Le Forum africain de l’administration fiscale (ATAF) et l’Institut finlandais de gestion publique HAUS ont signé, le 14 août à Pretoria, un accord destiné à accélérer la transformation numérique et la mobilisation des ressources nationales sur le continent.
L’accord de coopération, signé par la secrétaire exécutive de l’ATAF, Mary Baine, et le directeur général de la HAUS, Kyösti Väkeväinen, fixe le cadre du Partenariat Afrique-Finlandais sur la fiscalité et les transformations numériques (AFP-TDT) jusqu’au 31 décembre 2029.
L’enjeu est avant tout financier. Face à des besoins croissants en infrastructures, santé, éducation et investissements productifs, les économies africaines cherchent à réduire leur dépendance aux financements extérieurs en améliorant leur capacité à collecter les recettes domestiques.
Le partenariat s’appuie sur les acquis de sa première phase et élargit son champ à la mobilisation des ressources nationales, la transformation numérique, le renforcement institutionnel et la gestion durable des finances publiques.
L’objectif est de permettre aux administrations fiscales de mieux exploiter les données, automatiser leurs procédures et améliorer les services aux contribuables. Une modernisation qui doit, à terme, réduire les déperditions de recettes et renforcer l’efficacité du recouvrement.

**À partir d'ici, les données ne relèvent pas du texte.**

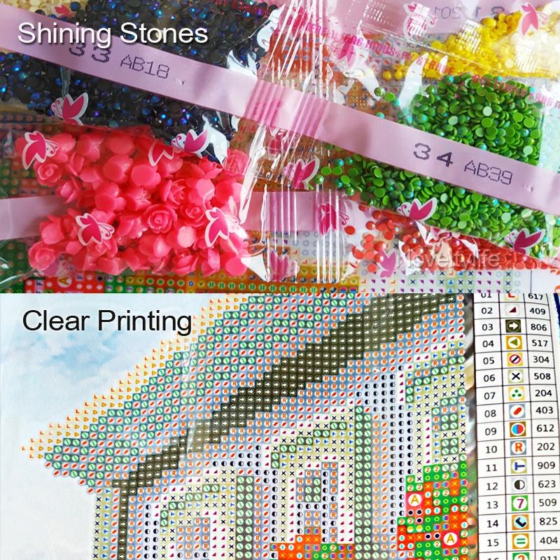 Картина очень красивая. Приехала быстро. В картине есть три вида страз, которые с перламутром (AB стразы). Один вид специальных страз - розочки. Картина приехала целая, не помятая. Еще и брелочек положил продавец. Продавцу спасибо, рекомендую.
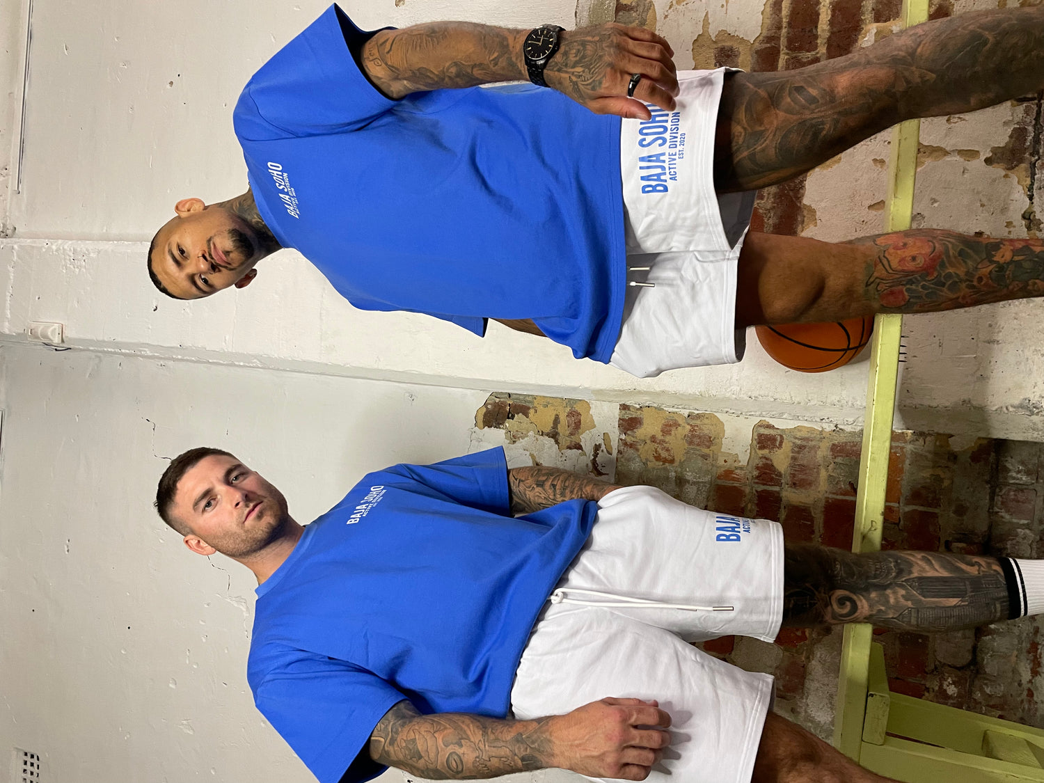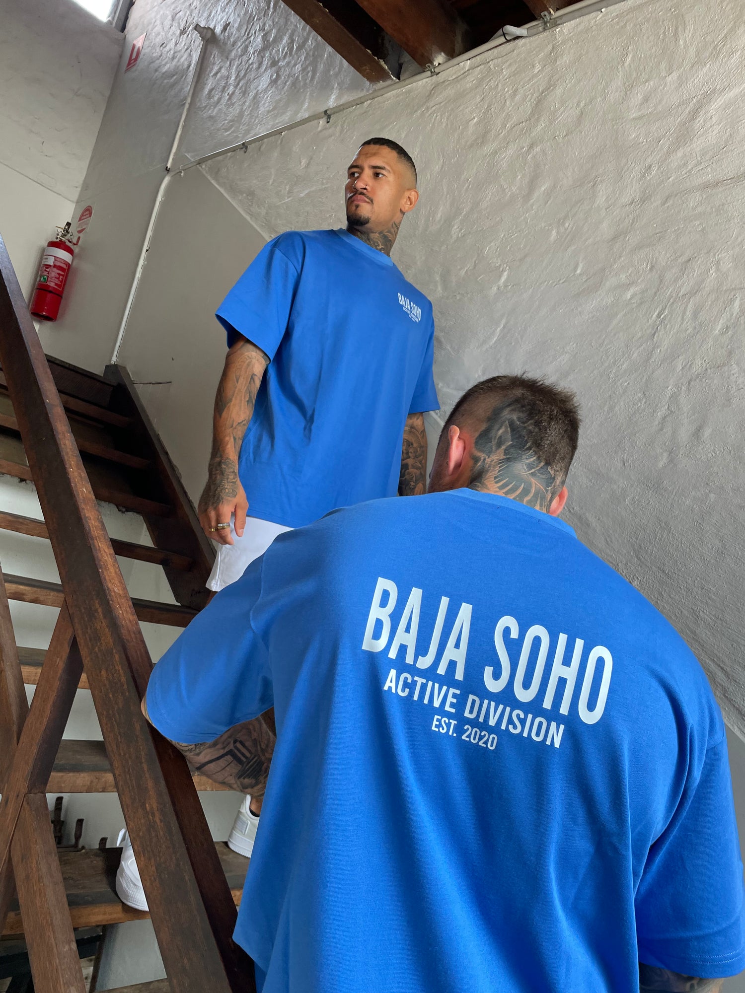 Description Blue t-shirt, with small white print on the front & large white print on the back. |

Pour l’ATAF et la HAUS, des administrations fiscales plus solides et mieux numérisées constituent un élément clé de la soutenabilité budgétaire des Etats africains.

Un partenariat désormais opérationnel
La coopération doit rapidement passer de l’accord institutionnel à la mise en œuvre. L’ATAF accueillera ainsi à son secrétariat de Pretoria Konsta Heikkilä, conseiller en chef des partenariats de la HAUS. Intégré à la division des partenariats stratégiques et coopérations internationales, il doit faciliter la coordination, le transfert d’expertise et le suivi des projets.

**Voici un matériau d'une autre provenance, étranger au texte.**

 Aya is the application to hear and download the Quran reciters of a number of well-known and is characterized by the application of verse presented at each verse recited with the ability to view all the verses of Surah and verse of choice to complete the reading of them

Cette présence vise à rapprocher deux approches complémentaires. Il s’agit de l’expertise continentale de l’ATAF sur les administrations fiscales africaines et le savoir-faire finlandais en matière de gestion publique, de développement institutionnel et de numérique. Le programme couvrira notamment la modernisation des administrations fiscales, l’innovation numérique, le développement des compétences, l’apprentissage entre pairs et la mobilisation conjointe de ressources.
L’ambition est de rendre les systèmes fiscaux plus performants sans nécessairement accroître la pression sur les contribuables. L’utilisation accrue des données et des outils numériques doit notamment améliorer l’identification des contribuables, limiter les pertes de recettes et renforcer la conformité fiscale.
Au-delà de la technologie, l’enjeu est donc celui de la souveraineté financière. En augmentant les recettes collectées localement et en améliorant la gestion des finances publiques, le partenariat Afrique-Finlande entend donner aux Etats africains davantage de moyens pour financer leurs priorités et réduire leur vulnérabilité aux financements extérieurs.